(Exercise description)
Retype the data below exactly; skip every image.

(Records from a dataset)

______

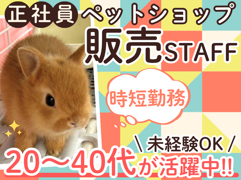 対象となる方 | 求めている人材 ◆未経験大歓迎! ◆高卒以上 ◆20代~40代が活躍中! <こんな方を歓迎します!>  ̄ ̄ ̄ ̄ ̄ ̄ ̄ ̄ ̄ ̄ ̄ ̄ ̄ ̄ ̄ ̄ ◆土日祝勤務できる方 ◆長期勤務できる方 ◆生き物が好きな方 ◆臨機応変に働ける方 ◆明るい対応ができる方 ◆将来独立を考えている方 <先輩スタッフからのメッセージ>  ̄ ̄ ̄ ̄ ̄ ̄ ̄ ̄ ̄ ̄ ̄ ̄ ̄ ̄ ̄ ̄ このお仕事で面白いと感じる瞬間は たくさんあります。 ウサギやハムスターの赤ちゃんと 触れ合うのは、癒しにもなりますね。 お客様から「この子可愛くなったでしょ~」 と声をかけて頂けるのも嬉しいですよ。 また、生き物の体調管理は 特に気をつけています。 赤ちゃんは体調を崩しやすいので、 毎日しっかり チェックしなくてはいけません。 お仕事を楽しむコツは、 ただの販売スタッフに徹しないこと。 楽しく過ごせるような提案や、 飼育のサポートをすると喜んで頂けます。 もちろん、分からないことは 先輩に相談してもらえれば大丈夫。 一緒に成長していきましょう! |
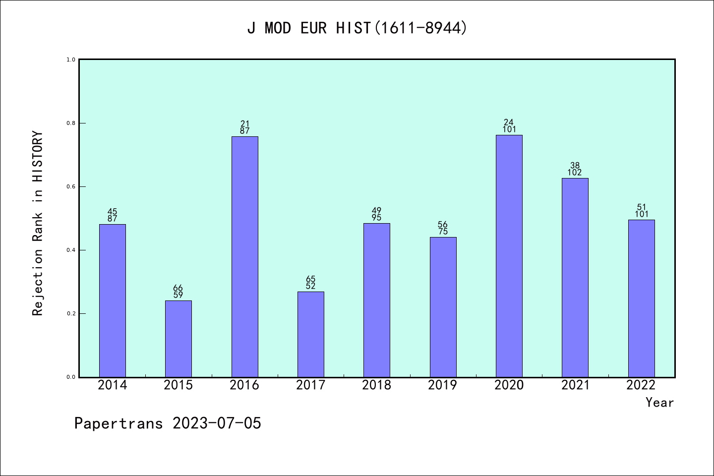 SSCI期刊Journal of Modern European History历年拒稿占比
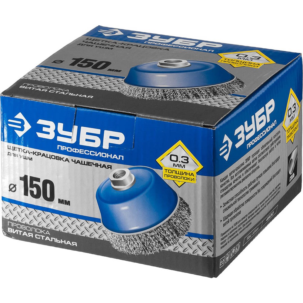 ЗУБР "ПРОФЕССИОНАЛ". Щетка чашечная для УШМ, витая стальная проволока 0,3мм, 150ммхМ14
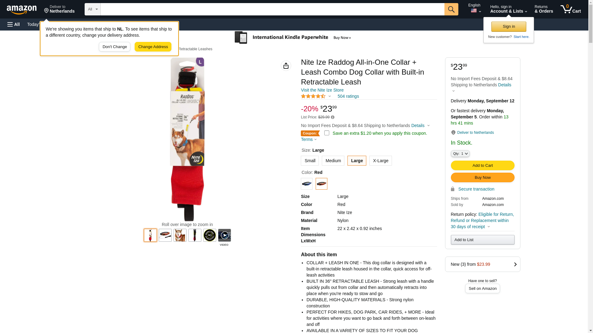 Nite Ize Raddog All-in-One Collar + Leash Combo, Dog Collar with Built-in Retractable Leash, Red, Large 16"-20"
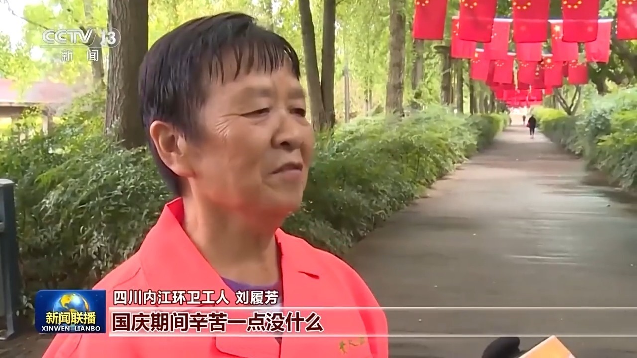 四川內(nèi)江環(huán)衛(wèi)工人 劉履芳:國慶期間辛苦一點(diǎn)沒什么,希望市民過一個開心、整潔的國慶假期。
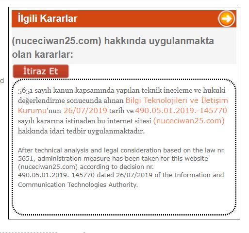 “5651 sayılı kanun kapsamında yapılan teknik inceleme ve hukuki değerlendirme sonucunda alınan Bilgi Teknolojileri ve İletişim Kurumu‘nun 26/07/2019 tarih ve 490.05.01.2019.-14770 sayılı kararına istinaden bu internet sitesi (nuceciwan25.com)hakkında idari tedbir uygulanmaktadır
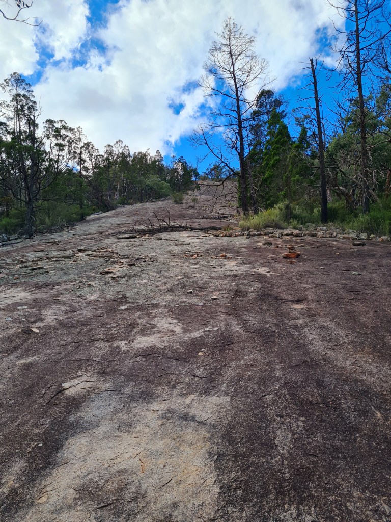 Baulked at the last sheer vertical 50m of the 700m climb to the top of Mt Ferguson. Lily livered I am.
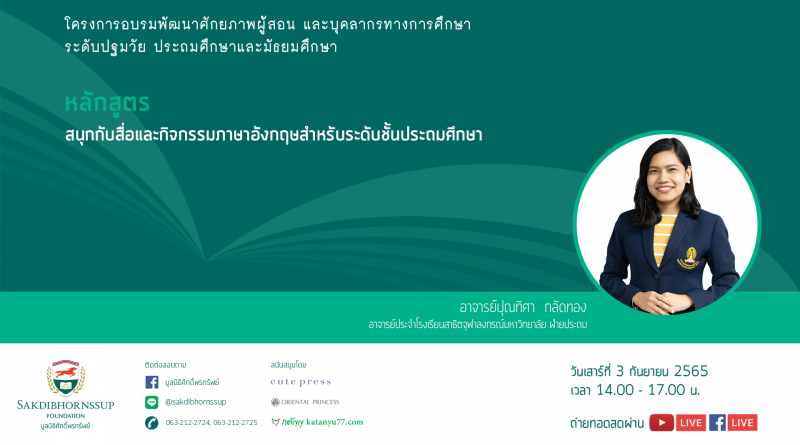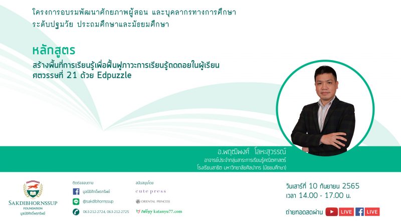 วันเสาร์ที่ 10 กันยายน 2565 เวลา 14.00 – 17.00 น. วิทยากร : อาจารย์พฤฒิพงศ์ โลหะสุวรรณ์ หลักสูตร : สร้างพื้นที่การเรียนรู้เพื่อฟื้นฟูภาวะการเรียนรู้ถดถอยในผู้เรียนศตวรรษที่ 21 ด้วย Edpuzzle ประกาศรายชื่อ 👉👉 คลิก

______

(Response to the task)
 対象となる方 | 求めている人材 ◆未経験大歓迎! ◆高卒以上 ◆20代~40代が活躍中! <こんな方を歓迎します!>  ̄ ̄ ̄ ̄ ̄ ̄ ̄ ̄ ̄ ̄ ̄ ̄ ̄ ̄ ̄ ̄ ◆土日祝勤務できる方 ◆長期勤務できる方 ◆生き物が好きな方 ◆臨機応変に働ける方 ◆明るい対応ができる方 ◆将来独立を考えている方 <先輩スタッフからのメッセージ>  ̄ ̄ ̄ ̄ ̄ ̄ ̄ ̄ ̄ ̄ ̄ ̄ ̄ ̄ ̄ ̄ このお仕事で面白いと感じる瞬間は たくさんあります。 ウサギやハムスターの赤ちゃんと 触れ合うのは、癒しにもなりますね。 お客様から「この子可愛くなったでしょ~」 と声をかけて頂けるのも嬉しいですよ。 また、生き物の体調管理は 特に気をつけています。 赤ちゃんは体調を崩しやすいので、 毎日しっかり チェックしなくてはいけません。 お仕事を楽しむコツは、 ただの販売スタッフに徹しないこと。 楽しく過ごせるような提案や、 飼育のサポートをすると喜んで頂けます。 もちろん、分からないことは 先輩に相談してもらえれば大丈夫。 一緒に成長していきましょう! |
 SSCI期刊Journal of Modern European History历年拒稿占比
 ЗУБР "ПРОФЕССИОНАЛ". Щетка чашечная для УШМ, витая стальная проволока 0,3мм, 150ммхМ14
 Nite Ize Raddog All-in-One Collar + Leash Combo, Dog Collar with Built-in Retractable Leash, Red, Large 16"-20"
 四川內(nèi)江環(huán)衛(wèi)工人 劉履芳:國慶期間辛苦一點(diǎn)沒什么,希望市民過一個開心、整潔的國慶假期。
 “5651 sayılı kanun kapsamında yapılan teknik inceleme ve hukuki değerlendirme sonucunda alınan Bilgi Teknolojileri ve İletişim Kurumu‘nun 26/07/2019 tarih ve 490.05.01.2019.-14770 sayılı kararına istinaden bu internet sitesi (nuceciwan25.com)hakkında idari tedbir uygulanmaktadır
 Baulked at the last sheer vertical 50m of the 700m climb to the top of Mt Ferguson. Lily livered I am.
 วันเสาร์ที่ 10 กันยายน 2565 เวลา 14.00 – 17.00 น. วิทยากร : อาจารย์พฤฒิพงศ์ โลหะสุวรรณ์ หลักสูตร : สร้างพื้นที่การเรียนรู้เพื่อฟื้นฟูภาวะการเรียนรู้ถดถอยในผู้เรียนศตวรรษที่ 21 ด้วย Edpuzzle ประกาศรายชื่อ 👉👉 คลิก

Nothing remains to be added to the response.